The backdrop to this argument is a set of nominally shared values to which folks assign different weights:

  • Universality and accessibility
  • Fidelity and richness
  • Competitive (or superior) cost to produce

The “developer experience” bait-and-switch works by appealing to the listener’s parochial interests as developers or managers, claiming supremacy in one category in order to remove others from the conversation. The swap is executed by implying that by making things better for developers, users will eventually benefit equivalently. The unstated agreement is that developers share all of the same goals with the same intensity as end users and even managers. This is not true.

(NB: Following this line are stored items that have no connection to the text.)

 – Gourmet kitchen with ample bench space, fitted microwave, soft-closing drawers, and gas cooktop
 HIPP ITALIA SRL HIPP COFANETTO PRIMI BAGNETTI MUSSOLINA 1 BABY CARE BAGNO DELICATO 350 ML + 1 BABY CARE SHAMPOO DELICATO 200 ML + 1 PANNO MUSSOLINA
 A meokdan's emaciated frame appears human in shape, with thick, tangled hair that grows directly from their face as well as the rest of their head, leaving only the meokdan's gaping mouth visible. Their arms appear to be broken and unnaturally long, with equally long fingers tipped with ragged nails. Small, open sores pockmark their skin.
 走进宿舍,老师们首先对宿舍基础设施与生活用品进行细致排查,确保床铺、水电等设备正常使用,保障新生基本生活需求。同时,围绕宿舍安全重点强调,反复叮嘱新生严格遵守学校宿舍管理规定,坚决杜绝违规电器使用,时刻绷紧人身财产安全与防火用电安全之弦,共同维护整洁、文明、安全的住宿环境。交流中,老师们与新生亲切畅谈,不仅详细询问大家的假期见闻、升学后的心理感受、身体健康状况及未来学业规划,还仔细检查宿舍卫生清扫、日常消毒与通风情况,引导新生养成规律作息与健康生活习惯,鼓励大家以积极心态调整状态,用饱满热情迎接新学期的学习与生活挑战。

Shifting the conversation away from actual user experiences to team-level advantages enables a culture in which the folks who receive focus and attention are developers, rather than end-users or the business. It naturally follows that teams can then substitute tools for goals.

This has predictable consequences, particularly when developers, through their privileged positions as expensive-knowers-of-things-about-computers, are allowed to externalize costs. And they do. Few teams I’ve encountered have actionable metrics associated with the real experiences of their users. I can count on one hand the number of teams I’ve worked with who have goals that allow them to block launches for latency regressions, including Google products. Nearly all developers in the modern frontend shops do not experience performance constraints until it’s too late. The brakes aren’t applied until performance is so poor that it actively hurts the business.

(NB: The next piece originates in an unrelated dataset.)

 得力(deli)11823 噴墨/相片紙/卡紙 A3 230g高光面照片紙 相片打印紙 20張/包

If one views the web as a way to address a fixed market of existing, wealthy web users, then it’s reasonable to bias towards richness and lower production costs. If, on the other hand, our primary challenge is in growing the web along with the growth of computing overall, the ability to reasonably access content bumps up in priority. If you believe the web’s future to be at risk due to the unusability of most web experiences for most users, then discussion of developer comfort that isn’t tied to demonstrable gains for marginalized users is at best misguided.

Competition between these forces is as old as debates about imagemaps vs. tables for layout. What’s new is JavaScript; or rather, the amount we’re applying to solve our problems:

Mobile pages have gone from an average of 50KB of JS in 2011 to more than 300KB today.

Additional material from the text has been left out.